### DATA SEGMENT:

══════════

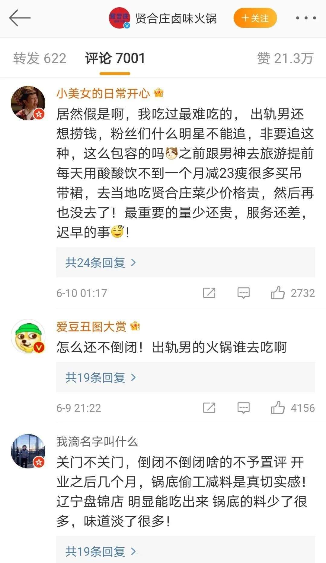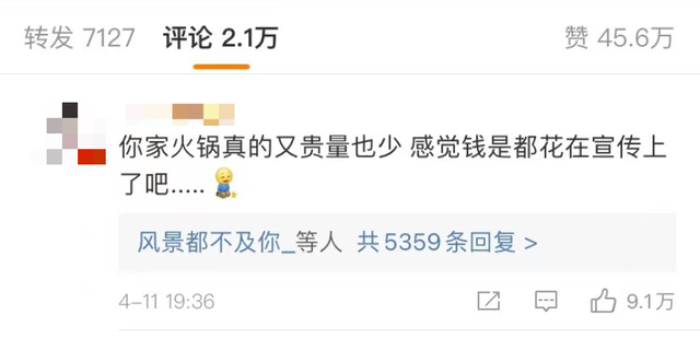 也正是陈赫在关于此事的道歉微博,成了顾客对贤合庄的讨伐场。“你家火锅真的又贵量也少,感觉钱都是花在宣传上了吧”,单条评论点赞量9.1万。
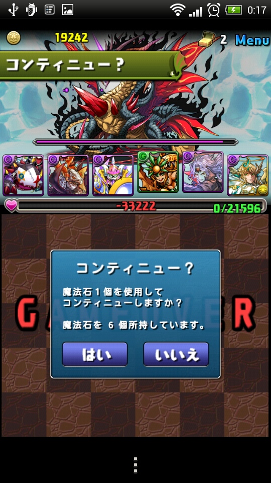 コンティニューしても、負け確定な感じだったので、コンティニューはせず。
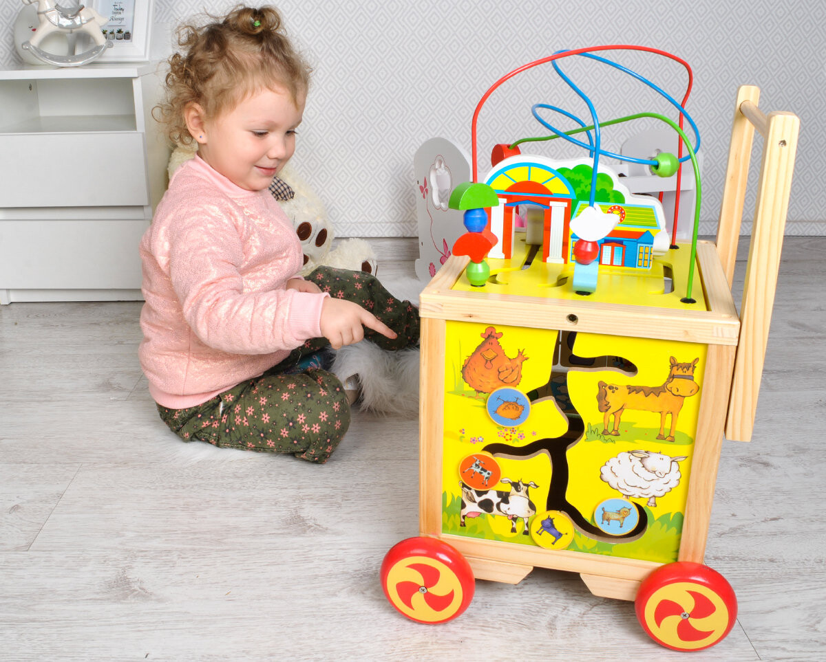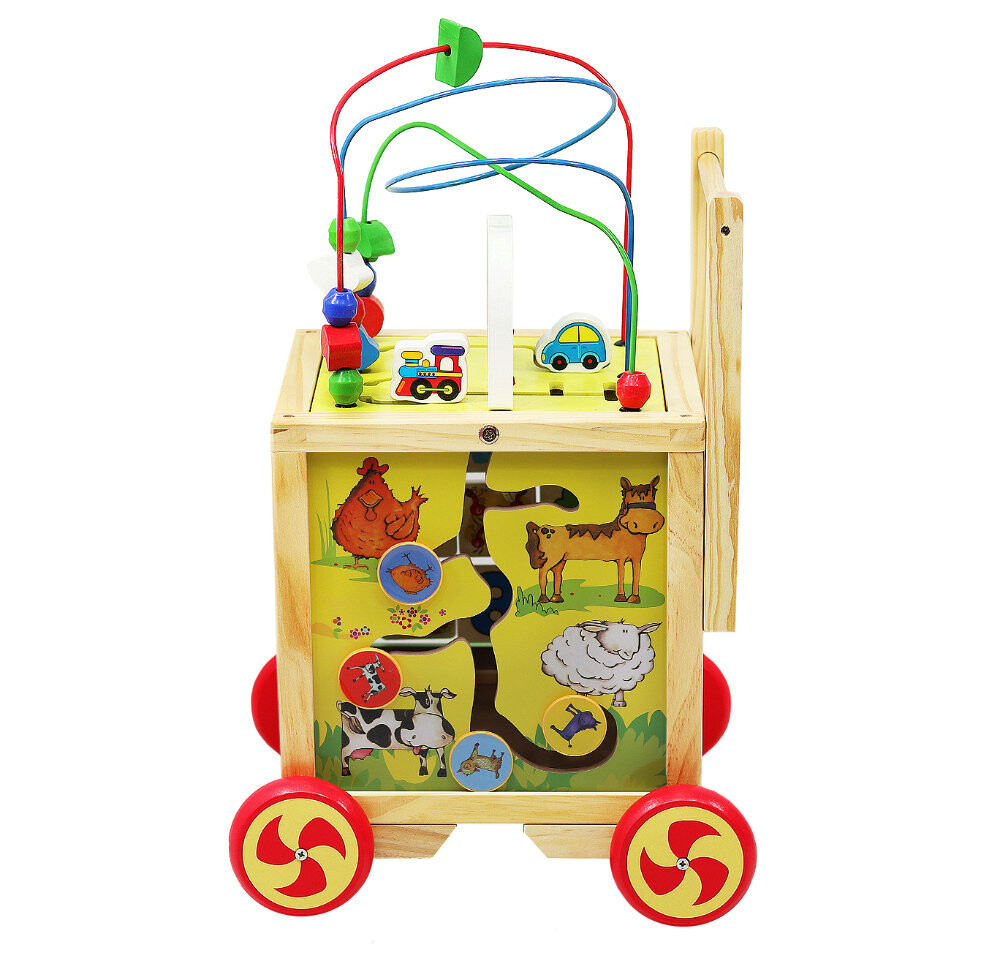 Игрушка-толкатель с развивающим кубиком положительно влияет на развитие ребенка и в то же время подарит массу улыбок и веселья. Ребенок толкает игрушку перед собой и учится делать первые шаги и совершенствовать приобретенный навык. Благодаря специально разработанному кубику ребенок развивается в самых разных сферах.ДЕРЕВЯННАЯ РУЧКА НА КОЛЕСАХ — МОБИЛЬНЫЙ РАЗВЛЕКАТЕЛЬНЫЙ ЦЕНТР 6-В-1

══════════

### TASK ITEM:
Every line of the data above should be returned exactly, with the pictures removed.

### RESULT OF THIS EXERCISE:
 也正是陈赫在关于此事的道歉微博,成了顾客对贤合庄的讨伐场。“你家火锅真的又贵量也少,感觉钱都是花在宣传上了吧”,单条评论点赞量9.1万。
 コンティニューしても、負け確定な感じだったので、コンティニューはせず。
 Игрушка-толкатель с развивающим кубиком положительно влияет на развитие ребенка и в то же время подарит массу улыбок и веселья. Ребенок толкает игрушку перед собой и учится делать первые шаги и совершенствовать приобретенный навык. Благодаря специально разработанному кубику ребенок развивается в самых разных сферах.ДЕРЕВЯННАЯ РУЧКА НА КОЛЕСАХ — МОБИЛЬНЫЙ РАЗВЛЕКАТЕЛЬНЫЙ ЦЕНТР 6-В-1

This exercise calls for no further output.